I'm trying to use actix-web to handle websockets, but I don't really want to use the actix itself, ie. I don't want to use actors. The only examples that I could find use an Actor. On the Websockets page there's a following statement:
Actix-web supports WebSockets with the actix-web-actors crate. It is possible to convert a request’s Payload to a stream of ws::Message with a web::Payload and then use stream combinators to handle actual messages, but it is simpler to handle websocket communications with an http actor.
I've looked into the actix-web-actors crate to see how they handle it there and there's a WsStream struct, which implements decoding the stream into messages, but I fail to see how to use it in practice. The problem is that actix-web needs to return a response. So the pseudo code would look like that:
async fn ws_index(
req: &HttpRequest,
stream: web::Payload,
) -> Result<HttpResponse, Error> {
let res = handshake(req)?;
res.streaming(handle_incoming_stream(stream));
res
}
I pass a stream to process incoming messages and I also need to return the stream that will be returned to the client. The simplest way to implement it would be to create a channel, spawn a tokio process for processing incoming messages and return a channel converted to a stream to the client. The problem is that the incoming stream is not Send, so I can't use it in a separate tokio process.

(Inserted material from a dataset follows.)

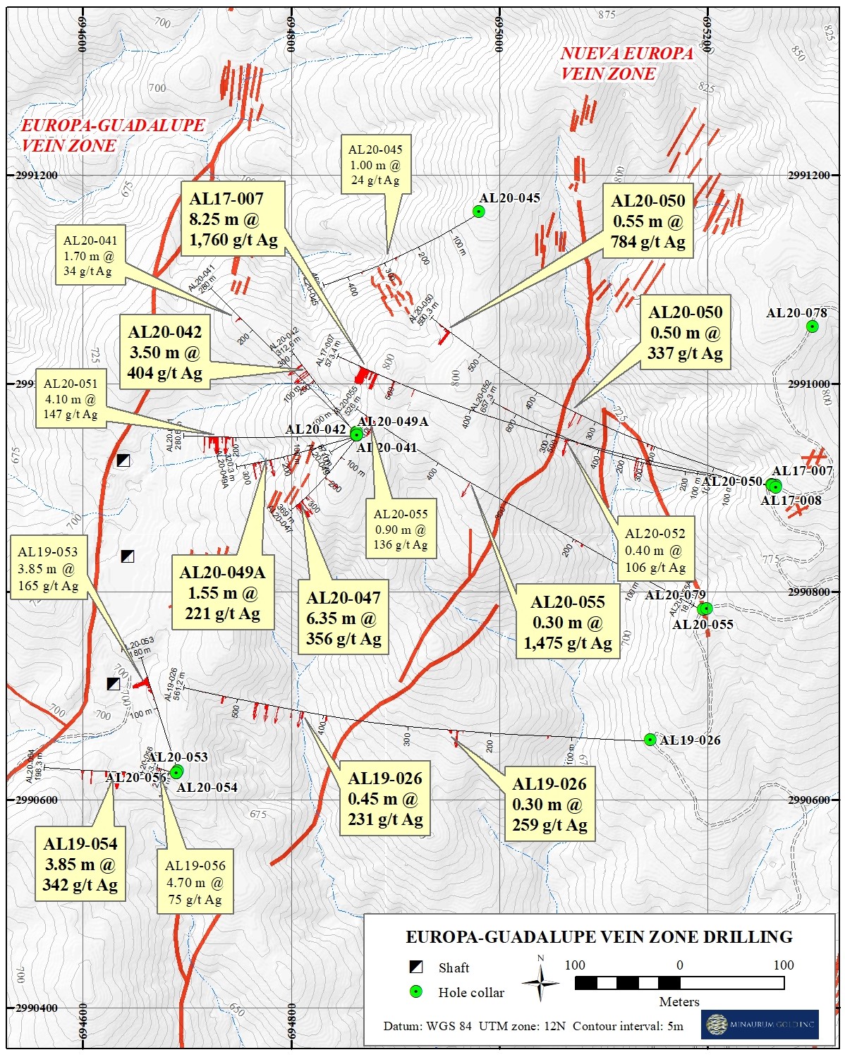 Three holes were aimed to intersect the Europa-Guadalupe zone down-dip from the AL07-007 intercept (see News Release dated January 18th, 2018). Hole AL20-050 cut the vein zone about 100 m down dip and 40 m to the north of -007. The vein was faulted but returned 0.55 m @ 784 g/t Ag. Hole -052 aimed to intersect the projection of the Europa-Guadalupe zone about 200 m down-dip from the -007 intercept; it cut a previously unknown granodiorite which had a 25 m-wide quartz-chlorite alteration zone at the predicted vein depth. Hole -055 targeted the vein zone about 60 south and 60 m down-dip of the -007 intercept and cut 21.20 m of variably mineralized vein averaging 35 g/t Ag. The best sub-interval reported 0.90 m @ 136 g/t Ag and 0.95 m @ 105 g/t Ag.

My guess is that I should create a struct that would allow polling for new outbound messages and also process the incoming stream, but I'm not sure how to tackle this. I've tried to read actix code to see how it's done there, but it looks like I would have to understand much more about the internals of actix to get what's going on. Any pointers to stuff that I should look at?
Are you sure? Please double-check. If actix is passing a non-Send value to an async function, it must be running in a LocalSet (or in block_on), so there's something up here.
You're totally right! I haven't used actix extensively, so I think I assumed it would behave similarly to a Tokio runtime, but now that I'm reading the README it runs workers on separate threads. Great catch with the non-Send value, I haven't made that connection. I think I know how to go from here, I'll paste a solution once I'm done.